Refugee advocate Sara Nathan told Crikey the healthcare and mental health services at Villawood were “very minimal”. One man who had been in detention for a year had only had counselling once, she said, while another was filing a complaint with the Australian Human Rights Commission because he had yet to receive treatment for shrapnel lodged in his leg, despite repeated requests.
Executive director of the Refugee and Immigration Legal Centre David Manne said such breaches of duty of care may well expose the government and its private contractors to legal action.
“It’s crystal clear under Australian law that the government has a non-delegable duty of care towards people in detention, so while it can contract a private company to run the centre, it can’t contract out of its obligations to people it decides to detain,” Manne said, adding that he was not making comment on any specific case.
The federal government has paid $5.4 million in compensation to asylum seekers for injuries suffered in detention. More than 50 payments were made in the past two years. The Department of Immigration refused to confirm how many cases, if any, have been to court, saying only that “the majority were settled out of court”.
In March 2006, the government paid $400,000 compensation to an 11-year-old Iranian refugee for trauma suffered at Woomera detention centre. In December 2005, The family of Tongan man Viliami Tanginoa lodged a damages claim against the Department of Immigration and private contractor Australasian Correctional Management, five years after Tanginoa died in Melbourne’s Maribyrnong detention centre.
Josefa Rauluni’s brother, Geviga, has already said he will pursue legal action against the immigration department and Villawood detention centre operator Serco Australia. The department’s five-year contract with Serco — which runs every detention centre in the country, and another on Christmas Island — was valued at $411,450,000 when signed in June 2009, a department spokesperson told Crikey. The value of that contract would now be greater, given detention centre expansions undertaken by the Labor government in the past year.
“It is the single most valuable detention centre contract in the world,” Singh said.

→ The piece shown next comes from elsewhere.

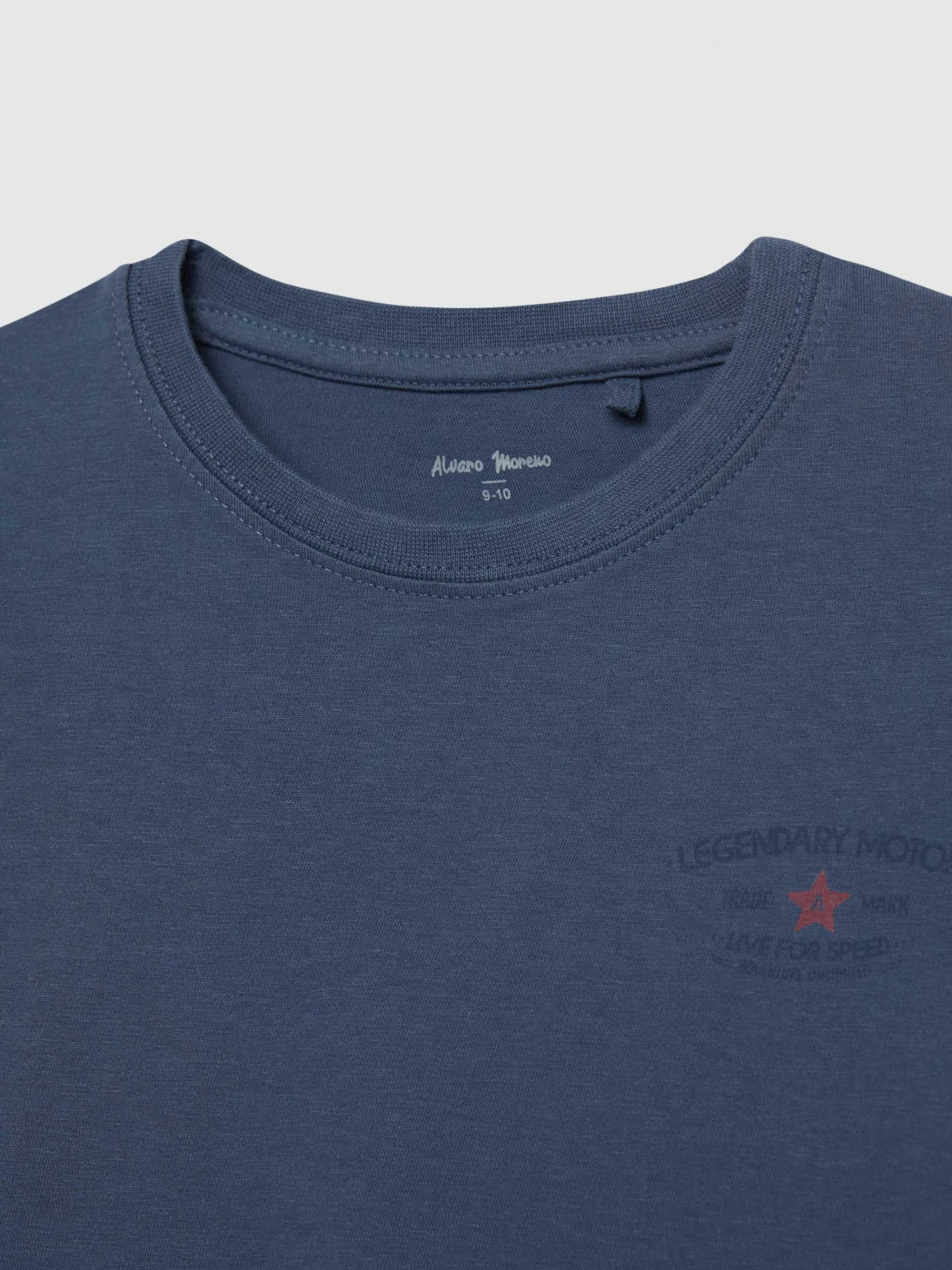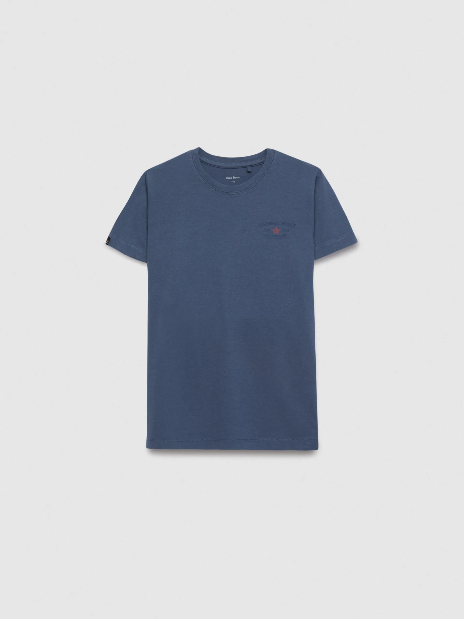 Camiseta con estampado personalizado en la parte trasera y en el frontal a la altura del pecho. Cuenta con cuello redondo y manga corta. Corte regular fit.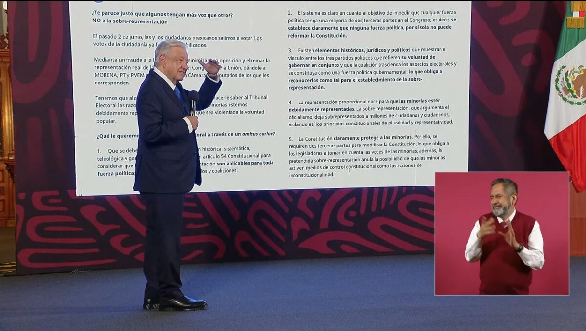 En la mañanera de este día, sin pregunta de por medio, el mandatario federal criticó “la hipocresía” de sus opositores, pues mientras fueron favorecidos por las actuales leyes que establecen el reparto de los espacios plurinominales, exigían que “la ley es la ley”.

But while fear of litigation and increased scrutiny of detention centre deaths may provide some incentive for the government to improve conditions in immigration centres, the real issue is mandatory detention itself, he added.
It’s a policy that looks set to continue, with the government last week announcing a $50 million expansion of detention centres on the mainland.
“The whole policy militates against people surviving in detention. You have people sustaining long periods of detention … the mental health and the other health consequences of [which] are well known and devastating,” Singh said.
“It’s the framework in which all these deaths are occurring.”